AFP state manager Commander Matt Rippon praised the efforts of the agencies involved in the joint taskforce operation.

“By stopping these drugs reaching the streets, we have today saved over a quarter of million deals of the drug wreaking havoc across our community,” he said.

WA Police Acting Assistant Commissioner Pryce Scanlan said seizures like this one were significant for the WA community as the dangers of meth were well-known.

“Asian organised crime continues to have a significant impact on the importation and distribution of meth in WA. They are affecting our state and taking advantage of the vulnerable in our community,” he said.






Since starting in April 2015, the WA taskforce has seized 75kg of meth and charged 29 people with drug importation or dealing offences.

ACC WA state manager Doug Miller said meth posed the greatest threat to the Australian public out of all illicit drugs – by far.

“The results achieved from joint operations such as this one demonstrate our commitment to work together to detect and disrupt this illicit market,” he said.

Minister for Justice Michael Keenan congratulated the taskforce’s largest seizure of ice to date and the arrest of one man for the intent to sell.

“This seizure demonstrates the tireless efforts law enforcement agencies are taking to protect the vulnerable in our community,” he said.

“By stopping these drugs reaching the streets, we have today saved over a quarter of a million deals of this dangerous drug, estimated at $66 million, from wreaking havoc across the Perth community.”

These two busts on Tuesday are the latest in a series of big methamphetamine seizures in Perth.

In July last year, federal and WA police seized 21kg of meth worth $21 million in Karrinyup and charged five people.

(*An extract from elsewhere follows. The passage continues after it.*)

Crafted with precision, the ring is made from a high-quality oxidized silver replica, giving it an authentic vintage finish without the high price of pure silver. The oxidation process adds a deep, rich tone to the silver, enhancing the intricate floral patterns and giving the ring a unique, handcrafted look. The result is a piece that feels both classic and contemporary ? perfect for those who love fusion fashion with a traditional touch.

The following month, three men were charged over a $20 million methamphetamine haul from an Osborne Park storage unit.

Then in September, police seized 321kg of crystal meth and $1.4 million in cash — the largest seizure of the drug ice in WA history. Four Hong Kong nationals were charged over the drug haul, which had an estimated street value of $321 million.

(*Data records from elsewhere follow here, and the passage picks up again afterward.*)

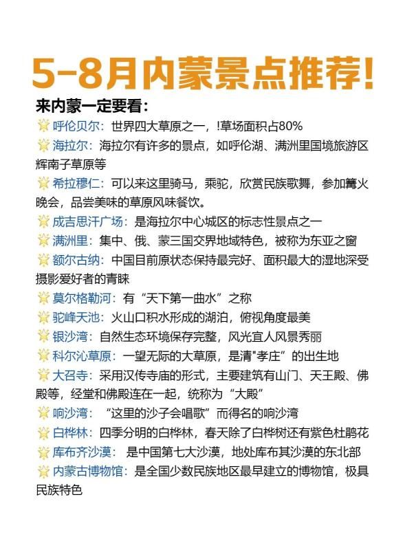 注意21:内蒙古地域辽阔,景点与景点之间的距离较远乘车时间较长且不方便,(建议提前找个当团)省事省钱又安全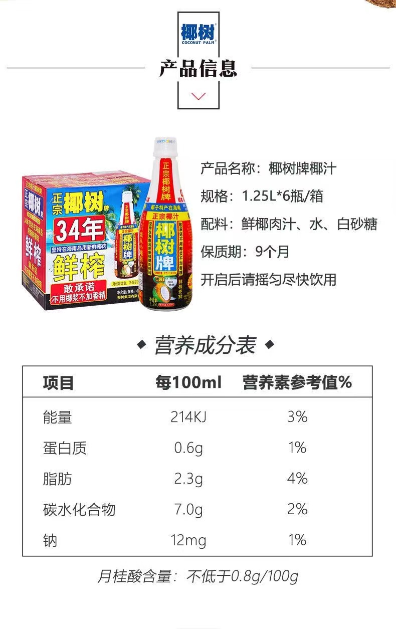 正宗椰树牌椰汁1.25升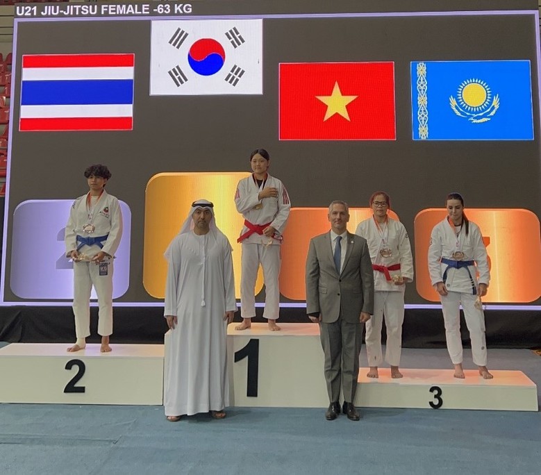 이연지 선수는 지난 5월 26일, 요르단 암만에서 열린 ‘2025 아시아 주짓수 선수권대회’ U21 여자 -63kg 체급 경기에 출전해 총 10명의 경쟁자들을 제치고 당당히 금메달을 목에 걸었다. 이번 대회에는 아시아 12개국에서 수백 명의 선수들이 출전해 치열한 경쟁을 펼쳤다.

Source: http://www.perthnow.com.au/news/wes...s/news-story/6439e692a5d5c7e30621071bf8263149


----------



## StudebakerHawk

There must be an enormous market for meth in Australia ....

Once it was estimated that LE were busting 10% of the illicit drugs - there has to be serious tonnage getting thru ...


----------



## Jabberwocky

StudebakerHawk said:


> There must be an enormous market for meth in Australia ....
> 
> Once it was estimated that LE were busting 10% of the illicit drugs - there has to be serious tonnage getting thru ...



Meth is big in Australia as you know because of profits and because users enjoy being PARANOID and catching bugs.


----------



## Jabberwocky

*Cocaine ring busted in suburban Sydney*

A cocaine syndicate allegedly responsible for supplying drugs between Sydney's far southwest and the CBD has been busted in a series of morning raids.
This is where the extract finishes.